What about the precision? Precision is reliable, repeatable measurement. The total measurement system includes the human that activates the watch in either case. And experiments have shown that a human takes about 1/10 of a second to react to a stimulus and turn it into a button press. So...
  • The analog stopwatch has a precision of about 1/10 second. Both the resolution and the stimulus-response time of the human are 1/10 second.
  • The digital stopwatch also has a precision of 1/10 of a second. This is a surprise! After all, the watch has a resolution of 1/100 second. But, because of the human reaction time, the hundredths digit is not reliable. If you measured precisely-known elapsed times with this arrangement, you would find the last digit's value to be almost random. There is a spread of about 1/10 of a second in the measured times due to the human factor. So it is repeatable to only 1/10 second.
Analog stopwatch
Digital stopwatch

This raises an important point. The advent of digital instrumentation gave rise to a mindset that equated resolution with precision. Digital readouts make it very easy to see what the resolution of an instrument was. Most people simply assume, "Hey, the guys who designed this made it to read to five digits, so it must be good to five digits!" Whatever "good" means. Resolution? Yes. Precision? Well, maybe.

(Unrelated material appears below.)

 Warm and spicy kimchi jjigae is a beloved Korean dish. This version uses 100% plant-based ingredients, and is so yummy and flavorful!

How about a few real-life examples from clubmaker's instruments.

Digital Scales

In my article about testing digital scales, I warn about measuring the same weight twice in a row. That is because some manufacturers of digital scales realized that their precision was not up to their resolution. For instance, the resolution might be 1 gram; but they were not able, without significant added expense, to get the precision below 3 grams. Instead of cutting the resolution to 3 grams -- which would also be honest but expensive-- and potentially confusing -- they just left the resolution at one gram.

But they realized that customers might be annoyed by discovering this unfortunate fact of life. So they came up with a "cheater circuit" that recognizes if the load being weighed is within 3 grams (or maybe 5 grams, just to be safe) of the last thing weighed. If so, then just display the previous answer, instead of what you actually got this time. So, if you are trying to determine the repeatability of your scale, be sure to "cleanse the palate" with a completely different weight between weighings.

Frequency Meter

Typically, a clubmaker's frequency meter has a resolution of 1cpm. But John Kaufman has made a version of his very successful Club Scout frequency meter, with a resolution of 1/10 of a cpm (0.1cpm). It is reasonable to ask, what is its precision?

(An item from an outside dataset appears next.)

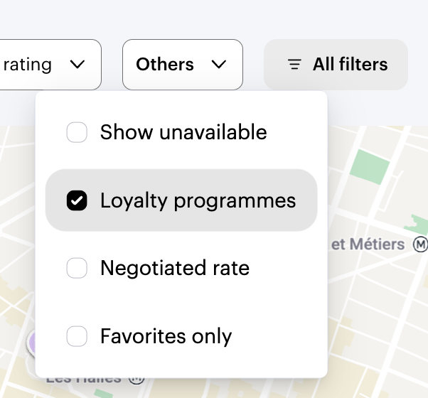 To ensure you choose a hotel eligible for the Accor All/ Accor All Plus programme, you can click on Others and use the Loyalty Programmes filter. This filter will allow you to display only the hotels participating in the programme, so you can enjoy your loyalty benefits.

John has assured us that he does indeed get repeatable readings to 0.1cpm, and I believe him. It isn't hard to build electronics to do this. But I also believe him when he says that technique and setup must be watched when you're trying to attain this precision. Think about things like:
  • The stability of the clamp, and the bench to which it is mounted.
  • The repeatability of the clamp to the same pressure each time a shaft is clamped.
  • The repeatability of your technique for pulling and releasing the shaft.
  • The security with which the tip weight (or clubhead) is attached to the shaft.
Any of these could be perfectly good for a precision of 1cpm, but might introduce fluctuating readings with a resolution of 0.1cpm. In order to achieve the resolution that John has built into the electronics, your clamp, bench, and technique must be good for 0.1cpm repeatability.

Accuracy vs Precision

It's not hard to wrap your mind around repeatability, which is the difference between resolution and precision. The difference between precision and accuracy is correctness -- and that is sometimes a little harder to cope with. To make it easier, we'll use a very graphic example [1].

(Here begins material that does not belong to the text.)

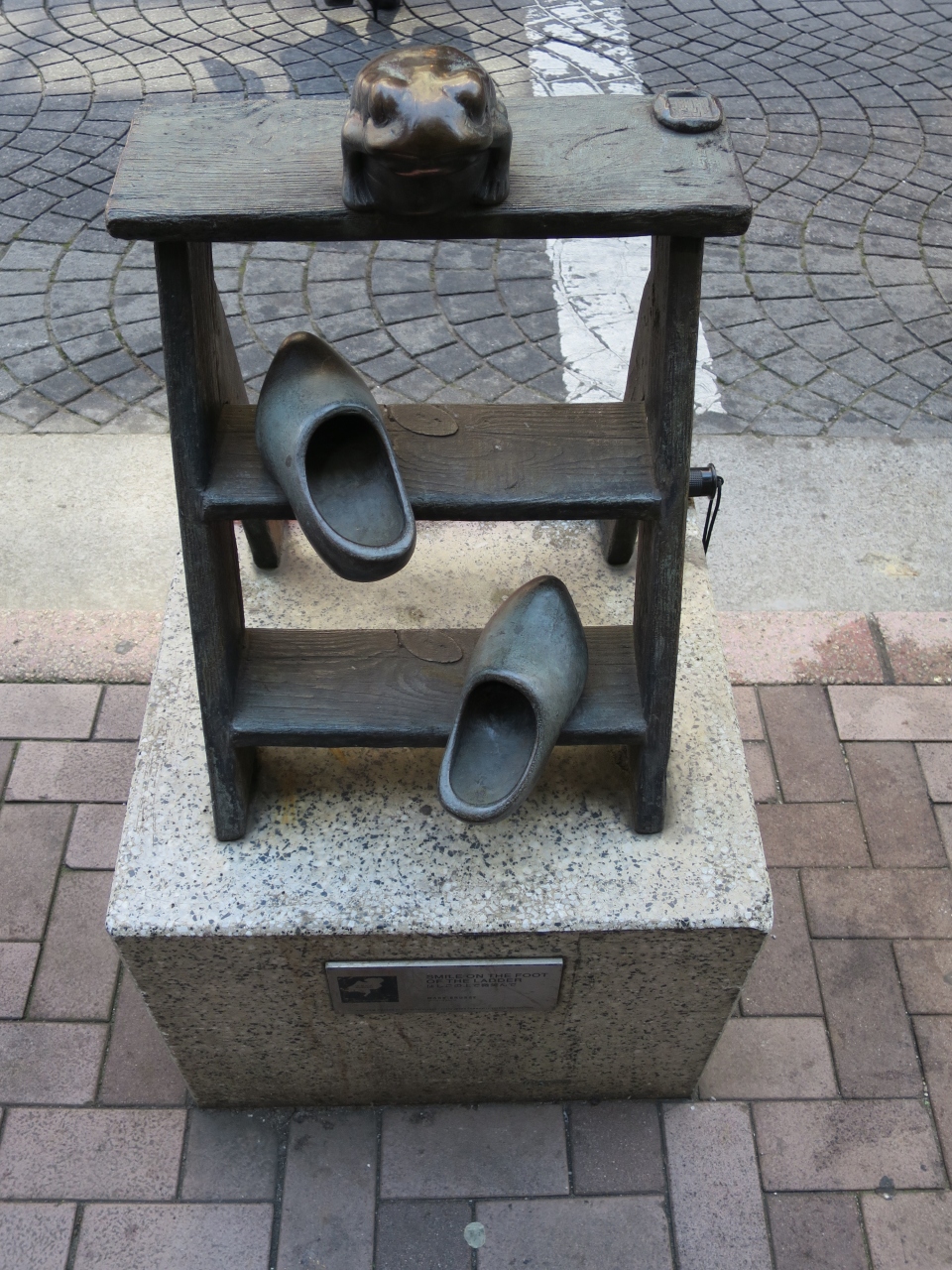 麻布付近にある12の大使館の協力で作られた12の微笑みのモニュメントの一つで、オランダ王国のマーク・ブルースが制作した「はしごの上でほほえんで」のモニュメントです。十番通りの暗闇坂を下った辺りに設置されています。はしごの上に鎮座しているのはカエルでしょうか?こちらも立ち止まって見る人は殆どいません。

Low precision, low accuracyImagine you have a rifle with a telescopic sight. When you shoot with it, you get a pattern like the one at the left. Not very good.

So you decide there is something wrong with your telescopic sight. You get better optics -- sharper, and greater magnification. Does that solve the problem?
High precision, low accuracyNo it does not! You now have a much tighter distribution. But, on average, you're just as far from the bull's eye. The real problem was not that the scope did not show the target well enough; the scope was aligned wrong.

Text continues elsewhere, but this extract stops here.